Assignment:
Your output should be everything below from the line containing "2023年11月实验动物生产" down to the line containing "Konstrukcja garażu wykonana", both ends included, copied exactly, with pictures left out.

──────── Record set ────────

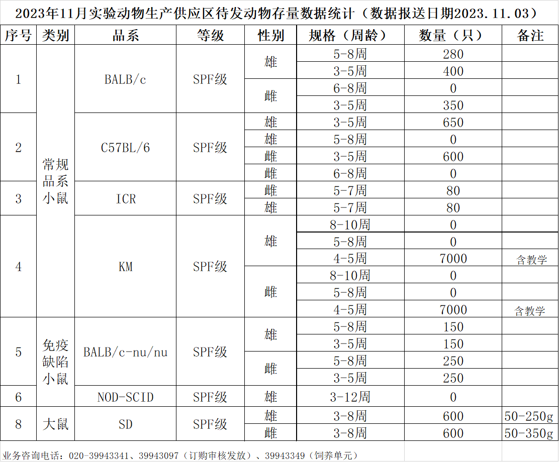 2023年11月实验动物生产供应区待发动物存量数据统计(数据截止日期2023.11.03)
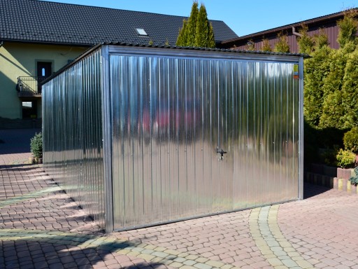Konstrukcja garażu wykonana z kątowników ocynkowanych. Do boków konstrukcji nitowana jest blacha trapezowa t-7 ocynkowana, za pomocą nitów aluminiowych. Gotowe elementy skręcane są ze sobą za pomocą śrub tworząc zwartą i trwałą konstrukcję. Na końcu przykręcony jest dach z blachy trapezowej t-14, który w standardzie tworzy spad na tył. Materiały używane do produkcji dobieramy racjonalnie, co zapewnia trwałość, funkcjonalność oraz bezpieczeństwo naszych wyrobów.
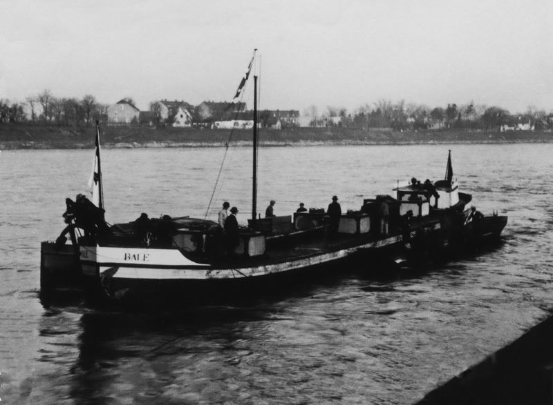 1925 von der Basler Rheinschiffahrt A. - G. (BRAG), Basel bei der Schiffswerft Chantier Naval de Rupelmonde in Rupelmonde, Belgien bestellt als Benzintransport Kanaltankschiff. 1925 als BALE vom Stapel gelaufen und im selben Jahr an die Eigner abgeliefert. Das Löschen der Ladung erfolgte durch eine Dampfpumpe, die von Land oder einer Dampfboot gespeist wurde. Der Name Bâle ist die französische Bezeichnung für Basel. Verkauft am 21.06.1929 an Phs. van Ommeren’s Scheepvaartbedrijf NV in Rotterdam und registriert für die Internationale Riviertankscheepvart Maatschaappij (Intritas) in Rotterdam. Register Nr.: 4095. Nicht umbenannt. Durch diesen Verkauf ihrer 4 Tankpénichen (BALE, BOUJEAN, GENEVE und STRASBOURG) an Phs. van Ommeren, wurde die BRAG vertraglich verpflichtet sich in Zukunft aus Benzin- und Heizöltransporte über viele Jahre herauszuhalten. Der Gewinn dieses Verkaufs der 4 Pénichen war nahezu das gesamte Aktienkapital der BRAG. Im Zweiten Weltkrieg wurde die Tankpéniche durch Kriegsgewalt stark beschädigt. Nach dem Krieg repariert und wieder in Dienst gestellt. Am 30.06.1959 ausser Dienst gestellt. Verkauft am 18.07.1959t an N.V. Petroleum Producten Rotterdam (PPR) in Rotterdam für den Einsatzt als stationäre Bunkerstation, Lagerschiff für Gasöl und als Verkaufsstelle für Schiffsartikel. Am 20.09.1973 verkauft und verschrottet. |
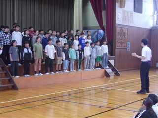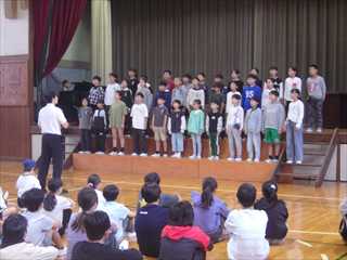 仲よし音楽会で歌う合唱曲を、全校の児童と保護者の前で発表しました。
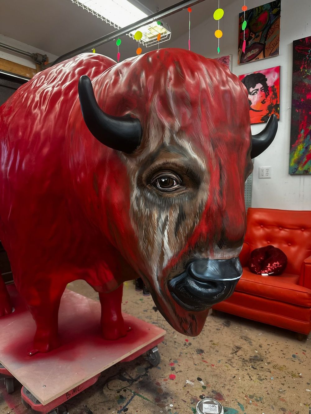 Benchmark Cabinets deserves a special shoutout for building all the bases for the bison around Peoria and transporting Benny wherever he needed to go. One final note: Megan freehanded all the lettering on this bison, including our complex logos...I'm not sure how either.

────────
──────── Record set ────────

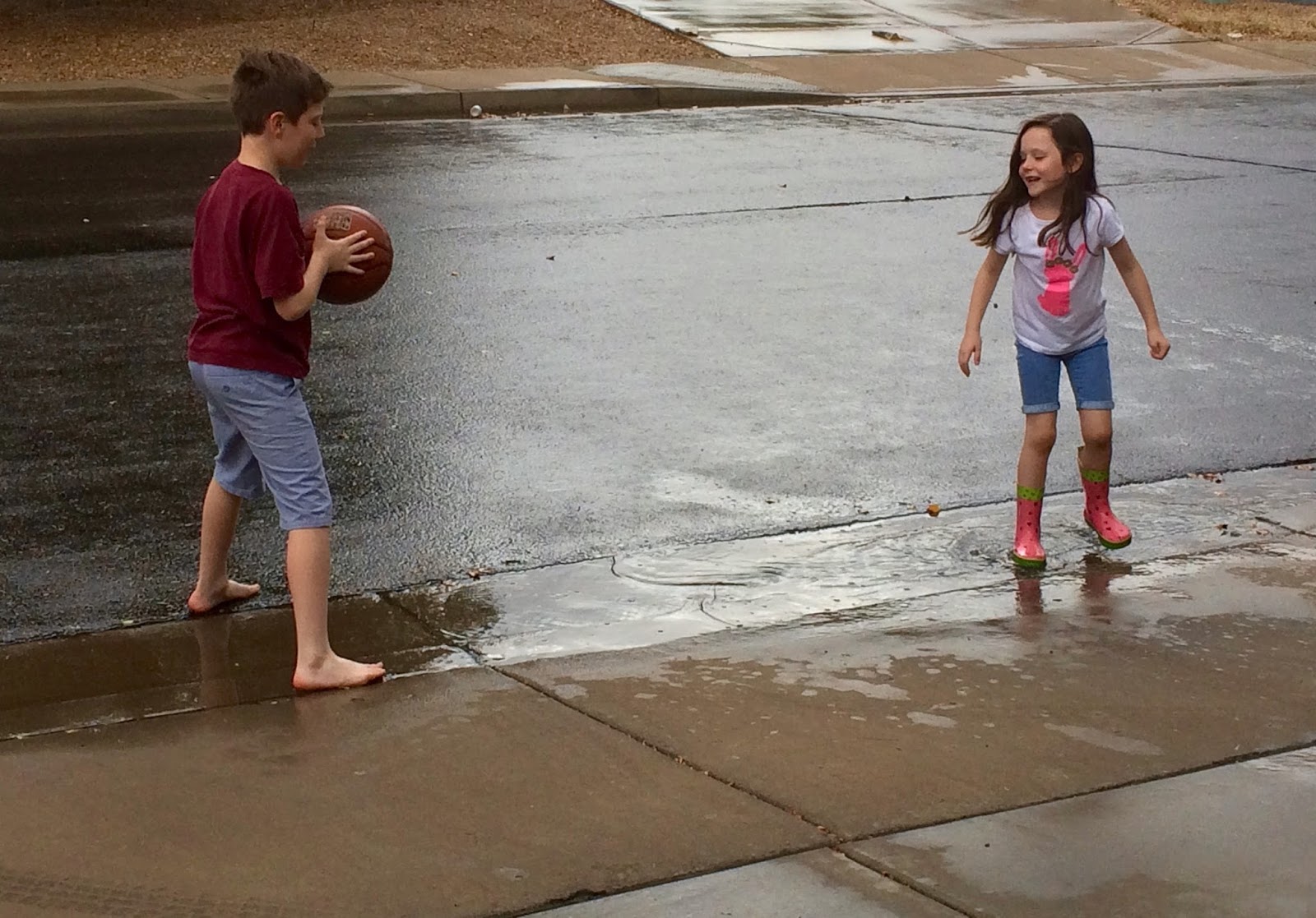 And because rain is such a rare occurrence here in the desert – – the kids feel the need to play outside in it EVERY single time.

────────

Solution for this problem:
 2023年11月实验动物生产供应区待发动物存量数据统计(数据截止日期2023.11.03)
Konstrukcja garażu wykonana z kątowników ocynkowanych. Do boków konstrukcji nitowana jest blacha trapezowa t-7 ocynkowana, za pomocą nitów aluminiowych. Gotowe elementy skręcane są ze sobą za pomocą śrub tworząc zwartą i trwałą konstrukcję. Na końcu przykręcony jest dach z blachy trapezowej t-14, który w standardzie tworzy spad na tył. Materiały używane do produkcji dobieramy racjonalnie, co zapewnia trwałość, funkcjonalność oraz bezpieczeństwo naszych wyrobów.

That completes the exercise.